Monday, September 15, 2014

What to Do When He's Too Old for You?

Hi Bro Jo,

So I'm 18 years old and I started going to my local YSA ward about two months ago now.

I'm loving it!

I've made some wonderful friends and have been able to serve both as one of the ward organists and on the Family Home Evening committee.

It's so fun to be involved and socialize with people my own age.

Having lessons geared more toward my age group is wonderful for my spirituality, too

(In my family ward, Relief Society lessons always ended up talking about people's grandkids...a little hard to relate to for me).

All in all, it's been a wonderful experience so far.

I've gotten to know some great guys, too.

There's this one in particular that seems pretty interested in me.

In our very first conversation, we were making small talk and I asked him what he's doing in life.

He talked about his job, his research for his master's degree, "and I'm just looking for a wife, someone to make an eternal family with, you know?"

We've talked before/after meetings since then, and he's invited me to an party one of his friends was having, which I had to turn down since I was working that night.

He seems to be a perfectly nice guy,

I'm just not attracted to him.

He's 28 and about to graduate from grad school.

I'm 18 and finishing up my freshman year of college.

We have completely different interests, not much in common at all.

And honestly, the mention of marriage so early kinda creeped me out.

Also, he is known in the ward as the guy that hits on all the new girls.

So what I want to know is if I have an obligation to give this guy a chance?

If he's a notorious flirt, how should I interpret his attentions?

And how can I (preferably nicely) get him to stop flirting with me?

Thanks,

- Young Single Lady




Dear Young,

No, you're not obligated to give this guy a chance.

If he were six years younger I might have a different answer, but at only 18 you're too young for him at 28.

Is it possible he's just being nice?  Is it fair to assume the reputation is true?

Yes.  And yes . . . and no.

In the Church we spread too many rumors and make too many assumptions.  I don't think those are things the Disciples of Christ should be doing.

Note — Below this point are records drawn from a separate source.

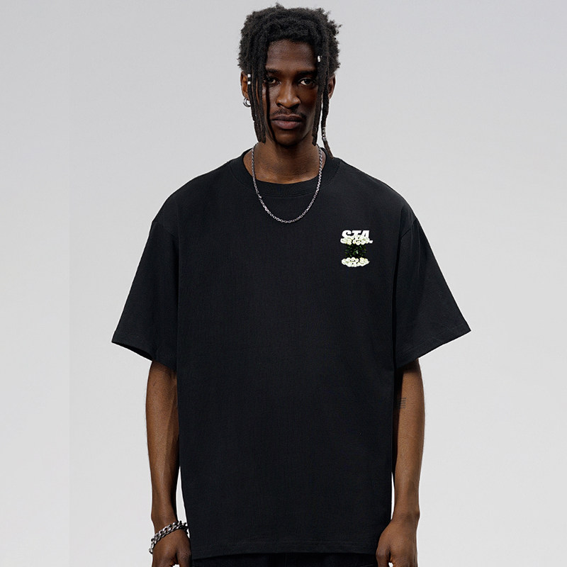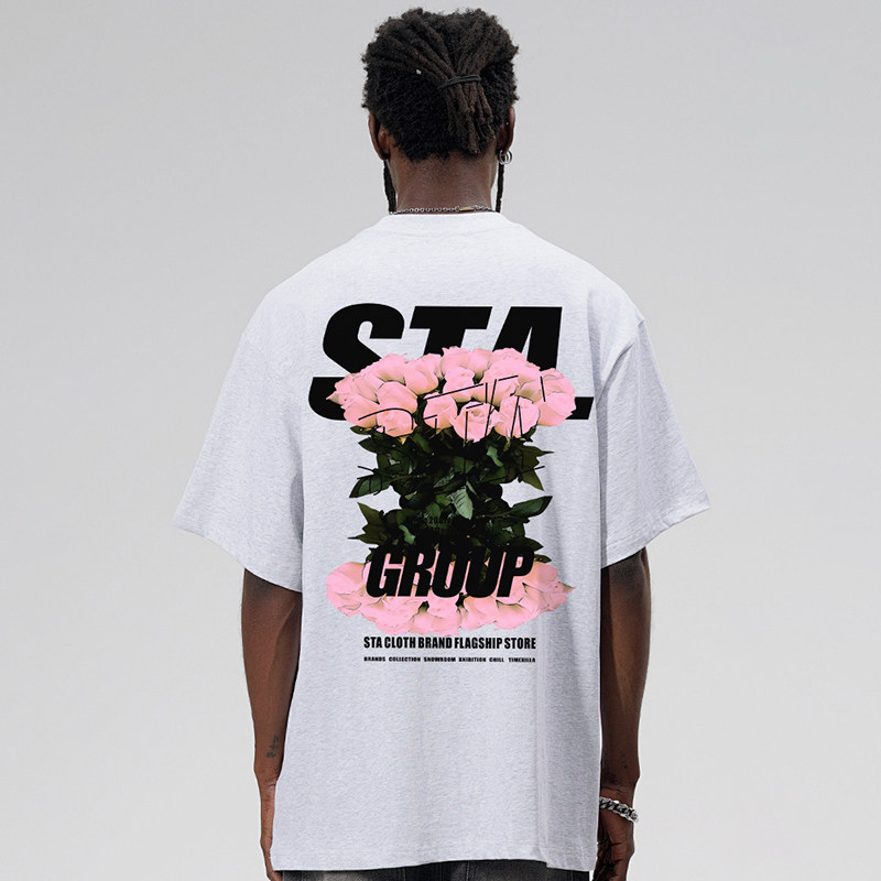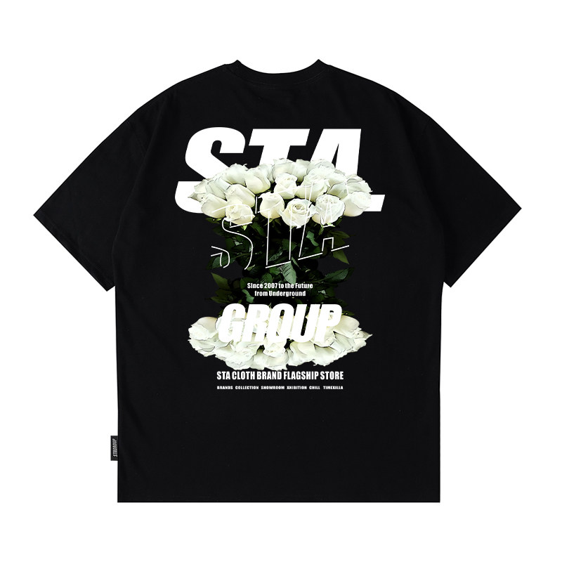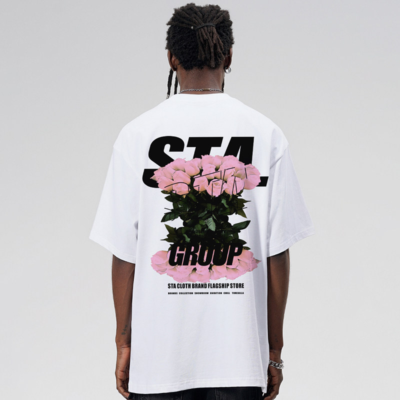 STA国潮浪漫玫瑰短袖T恤男女夏季潮牌宽松高街重磅纯棉上衣情侣
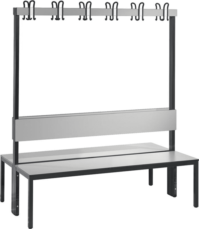Doppelseitige Garderobenbank, ohne Schuhrost • Stabile 4-kant-Rohr-Konstruktion aus Stahl, 30 x 30 mm • Gestell: elektrolytisch verzinkt, hochwertig einbrennbeschichtet • Sitzfläche, Rückenlehne, Hak
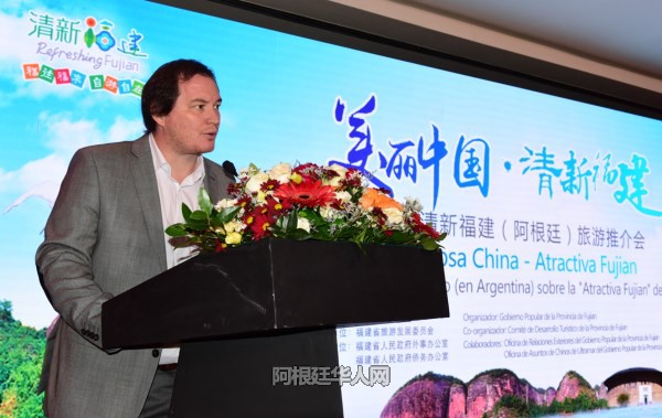 在推介会上,旅阿第二代华人曾维通过流利的西语讲解,结合画面与光影等多彩的展现手段,现场倾情推介清新福建旅游资源,福建土楼、鼓浪屿等世界遗产,以及“海丝”文化、茶文化等,让现场嘉宾深切感受到“清新福建”旅游的独特魅力。
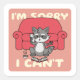 Express yourself with our adorable 'I'm Sorry, I Can't' cat sticker! This whimsical design features a charming cat character adorned with a playful expression, perfect for adding a touch of humour to any surface.Whether you're a cat lover looking to showcase your feline affinity or simply want to inject a dose of fun into your everyday life, this sticker is sure to delight. Stick it on your laptop, water bottle, notebook, or anywhere else that needs a bit of personality.Made from high-quality vinyl, our stickers are durable, waterproof, and easy to apply, ensuring they'll withstand the test of time. Plus, the vibrant colours and crisp design ensure that this sticker will stand out wherever you place it.So why wait? Grab our 'I'm Sorry, I Can't' cat sticker today and let your playful side shine!"
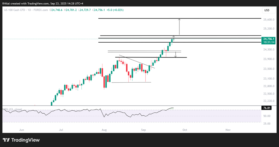 Looking at the Nasdaq chart from a daily time frame perspective, we can see that price action is trading above the 24,700-resistance zone. A hold above this zone may open the path toward 24,900–25,000, and potentially 25,700, in line with continued positive demand for technology and AI-related investments.

Rather than stress out about this, I think you should "act as if".  Yes, I agree that he's probably hitting on you, but if you "act as if" that would be ridiculous because of the age gap - not being mean, of course - and simply treat him decently, you'll have nothing to fear.

As for any guilt you should feel regarding not being attracted to him, consider this: there are millions of great single guys in the Church there's no way you should be attracted to all of them.

I might not be the right person to ask about "nice". I think if he asks you out you should tell him that you're flattered but he's just way too old for you.  Sometimes "sugar coating" is a nice way to say "lie"; but to be honest and direct (if you can do it without being malicious or intentionally being mean) than to hide and dance; that's how wrong impressions are received.

If you want to be nice, suggest a few of the a few sisters much closer to his age (there are tons of them) that he can ask out.

I bet they'd be willing to go, too.

And that may be just what this guy needs.